_PROBLEM DESCRIPTION_
Beginning with the line containing "Aquatium Hello Zebra, now" and ending with the line containing "He is a white", write out each line of the records below exactly; pictures and lines outside that range are left out.

*****

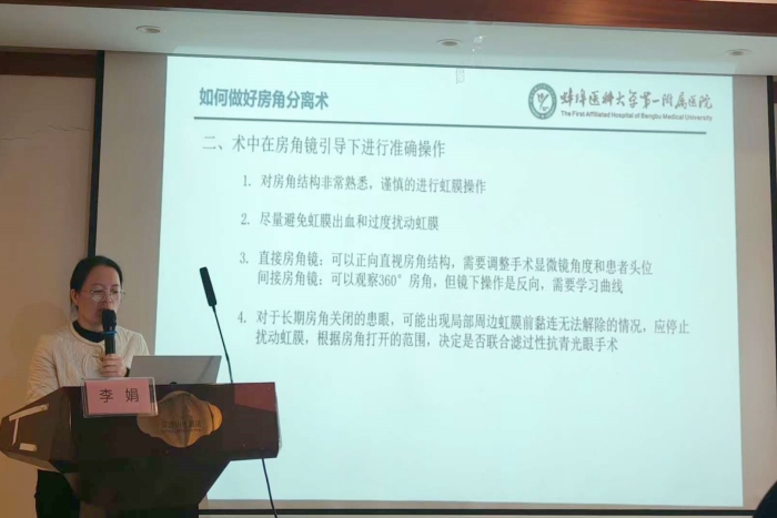 本次会议特别邀请了安徽医科大学第二附属医院蒋正轩教授、安徽医科大学第一附属医院刘伦教授、蚌埠医科大学第一附属医院李娟教授等省内知名专家分别就玻璃体视网膜手术操作规范、孔源性视网膜脱离的相关探讨、房角分离与闭角型青光眼等内容结合实际案例开展授课。眼科同仁围绕眼科疾病质量控制与风险防范这一核心议题分享了主题病例,展开热烈深入的讨论,分享了宝贵经验和先进做法。现场气氛学术浓厚,达到了相互学习、共同提高的目的。
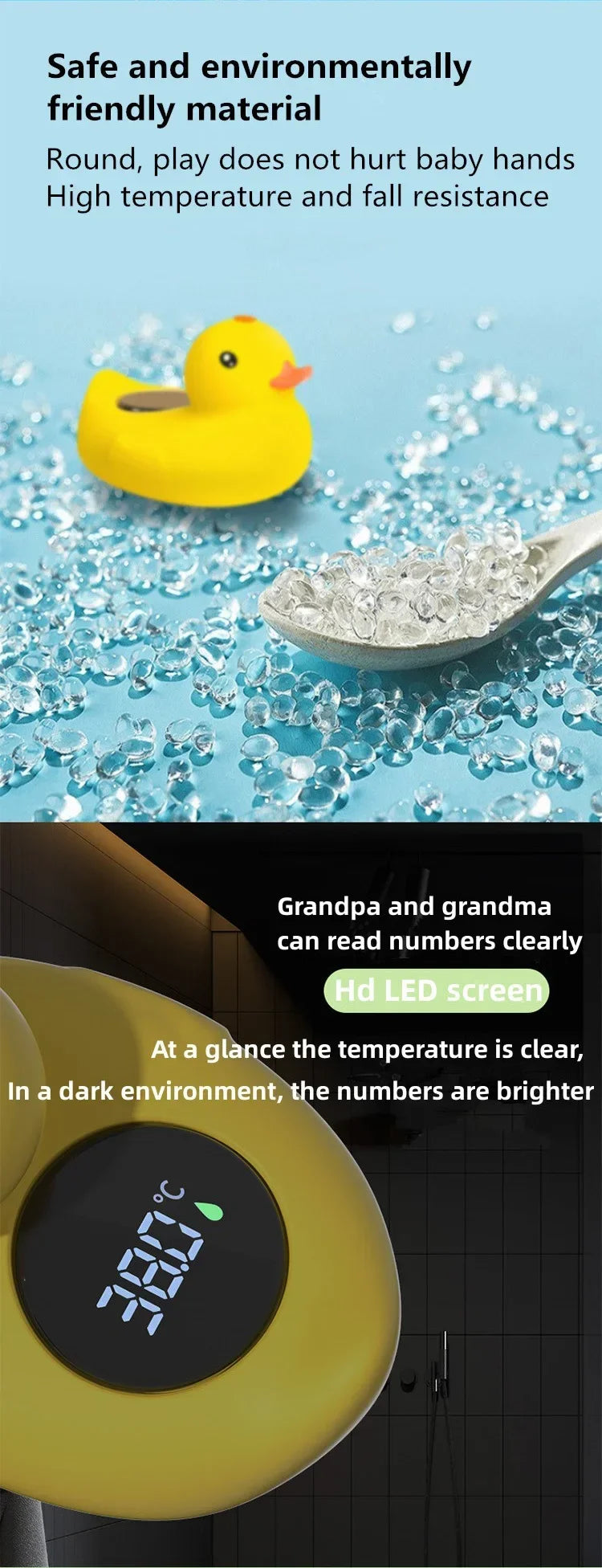 - Adorable Duck Shape: Shaped like a little yellow duck, this thermometer adds a fun and playful element to bath time, delighting both parents and babies alike.
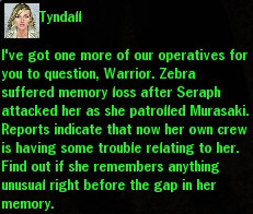 Aquatium Hello Zebra, now let see if we can find out some more intel, what do you remember? Zebra Thanks for coming. The others don't want to talk to me now... They treat me like a stranger. Sorry. The last thing I remember... There isn't much. I was in Camon, about a year ago, trying to keep the Slashers under control. They'd been causing trouble again... I remember searching the back alleys... I saw an Agent standing in a doorway, just watching me--not that I expected him to help. I was... I think I must have been having trouble finding Slashers... The alleys were so quiet...That's all. After that it's blank, except for a feeling of being...lost, I guess. Aquatium An Agent... now that is interesting, something new, I will look into it further, thank you.
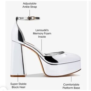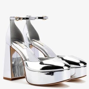 Features: Ankle Strap, Platform, Block Heel, Metallic, Adjustable Strap
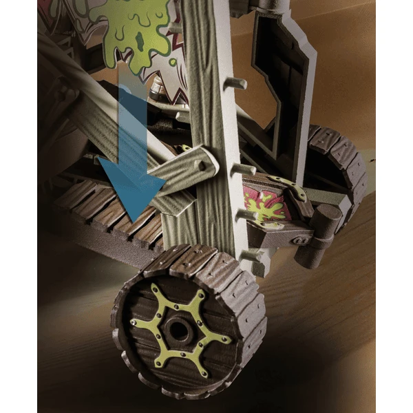 Op de dondersteen wordt de slijmachtige substantie onmiddellijk omgezet in gevaarlijke projectielen waar geen enkele aanvaller door geraakt wil worden.Met nieuw ontwikkelde mechanische lanceer- of katapultfunctie voor nog meer plezier!
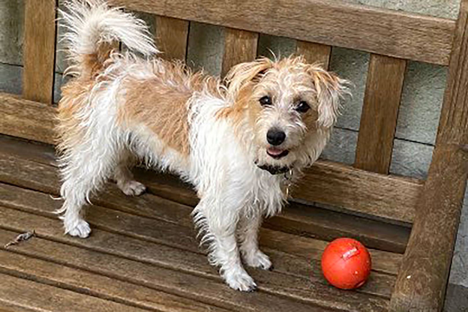 He is a white male jack russell cross and was born in 2018.
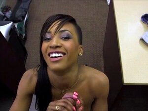 Una desesperada y bonita chica negra se masturba y se folla por algo de dinero. Mira a esta desesperada chica negra que está tratando de hacer un trato travieso con el dueño de la casa de empeño. Necesita dinero y está dispuesta a dar una mamada. Se desnu
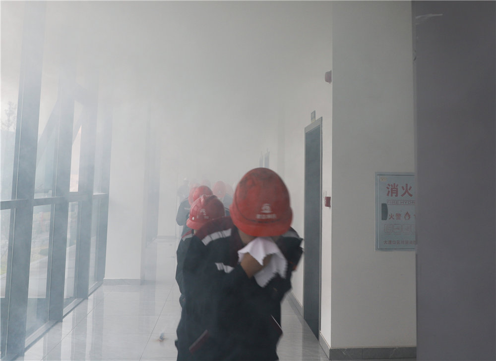 此次演练模拟废钢部办公楼办公用品着火,警报拉响后,现场烟雾弥漫。各楼层人员迅速反应,有序地朝着楼梯间紧急疏散。疏散过程中,他们捂住口鼻、弯腰前行,快速撤离至安全区域。
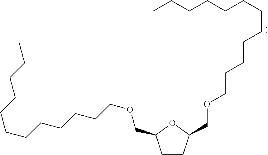c. 2,5-bis((octadecyloxy)methyl)furan 25. A method of preparing a mono-ether comprising: contacting bHMTHFs with a Brønsted base and 1 or less molar equivalents of an alkyl-X species according to at least one of the following: wherein: “X” is the leaving group, “n” is an integer from 5 to 25, and “CA” is a conjugate acid. 26. A mono-ether of bHMTHF prepared according to a. ((2S,5R)-5-((hexyloxy)methyl)tetrahydrofuran-2-yl)methanol b. ((2S,5S)-5-((hexyloxy)methyl)tetrahydrofuran-2-yl)methanol c. ((2S,5S)-5-((hexyloxy)methyl)tetrahydrofuran-2-yl)methanol d. ((2S,5R)-5-((dodecyloxy)methyl)tetrahydrofuran-2-yl)methanol e. ((2S,5S)-5-((dodecyloxy)methyl)tetrahydrofuran-2-yl)methanol f. ((2S,5S)-5-((dodecyloxy)methyl)tetrahydrofuran-2-yl)methanol g. ((2S,5R)-5-((octadecyloxy)methyl)tetrahydrofuran-2-yl)methanol h. ((2S,5S)-5-((octadecyloxy)methyl)tetrahydrofuran-2-yl)methanol i. ((2S,5S)-5-((octadecyloxy)methyl)tetrahydrofuran-2-yl)methanol 27. A method of preparing a di-ether comprising: contacting bHMTHFs with a Brønsted base and a minimum of 2 molar equivalents of an alkyl-X species according to the following: wherein: “X” is the leaving group, “n” is an integer from 5 to 25, and “CA” is a conjugate acid. 28. A di-ether of bHMTHF prepared according to a. (2R,5S)-2,5-bis((hexyloxy)methyl)tetrahydrofuran b. (2S,5S)-2,5-bis((hexyloxy)methyl)tetrahydrofuran c. (2R,5S)-2,5-bis((dodecyloxy)methyl)tetrahydrofuran d. (2S,5S)-2,5-bis((dodecyloxy)methyl)tetrahydrofuran e. (2R,5S)-2,5-bis((octadecyloxy)methyl)tetrahydrofuran and
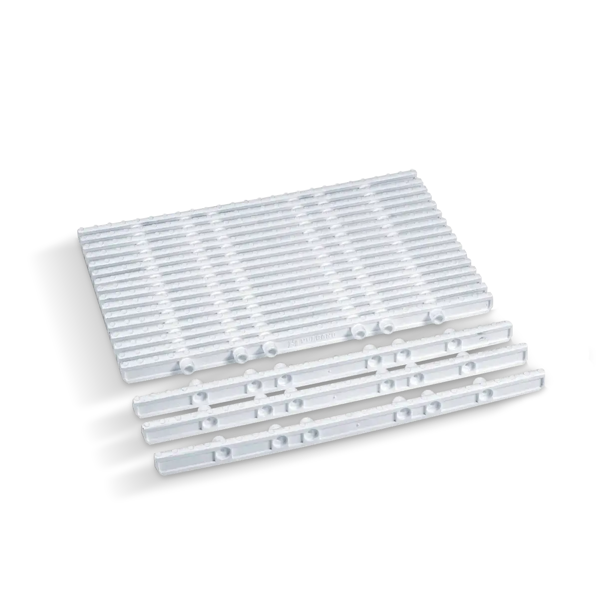 Varilla plástica larga Vulcano. Fabricada de polipropileno con elastómero de primera calidad, con un tamaño de 50 cm. de largo; su ensamblado modular permite el desarrollo de una línea de rejillas que destaca por ser antideslizante y agradable a la pisada. Su principal característica radica en la flexibilidad de montaje y diversidad de uso.
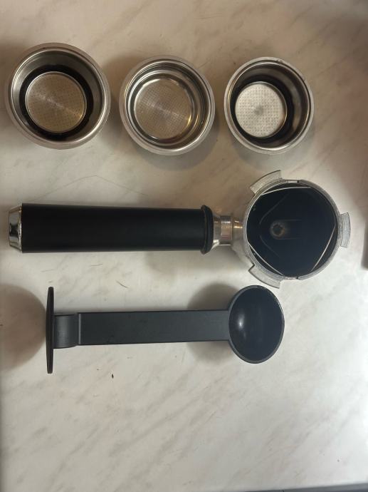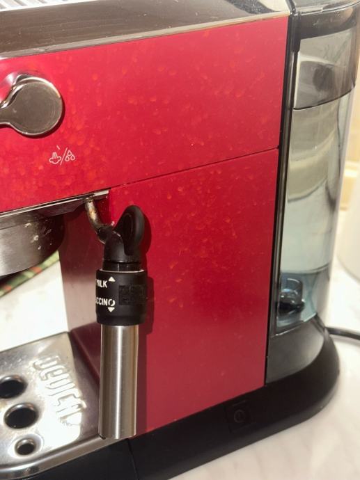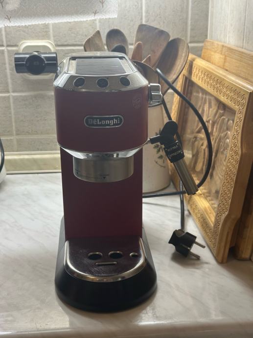 Prodajem DeLonghi Dedica aparat za kavu u crvenoj boji s metalnim detaljima. Radi se o kompaktnom espresso aparatu koji ima ugrađenu mlaznici za paru za pripremu mlijeka. Spremnik za vodu nalazi se iza.
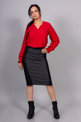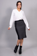 Jolie jupe extensible avantageant la silhouette grâce à sa taille haute et aux empiècements verticaux en cuir vegan. Imprimé géométrique moderne pour un look raffiné.

*****

_WRITTEN REPLY_
 Aquatium Hello Zebra, now let see if we can find out some more intel, what do you remember? Zebra Thanks for coming. The others don't want to talk to me now... They treat me like a stranger. Sorry. The last thing I remember... There isn't much. I was in Camon, about a year ago, trying to keep the Slashers under control. They'd been causing trouble again... I remember searching the back alleys... I saw an Agent standing in a doorway, just watching me--not that I expected him to help. I was... I think I must have been having trouble finding Slashers... The alleys were so quiet...That's all. After that it's blank, except for a feeling of being...lost, I guess. Aquatium An Agent... now that is interesting, something new, I will look into it further, thank you.
 Features: Ankle Strap, Platform, Block Heel, Metallic, Adjustable Strap
 Op de dondersteen wordt de slijmachtige substantie onmiddellijk omgezet in gevaarlijke projectielen waar geen enkele aanvaller door geraakt wil worden.Met nieuw ontwikkelde mechanische lanceer- of katapultfunctie voor nog meer plezier!
 He is a white male jack russell cross and was born in 2018.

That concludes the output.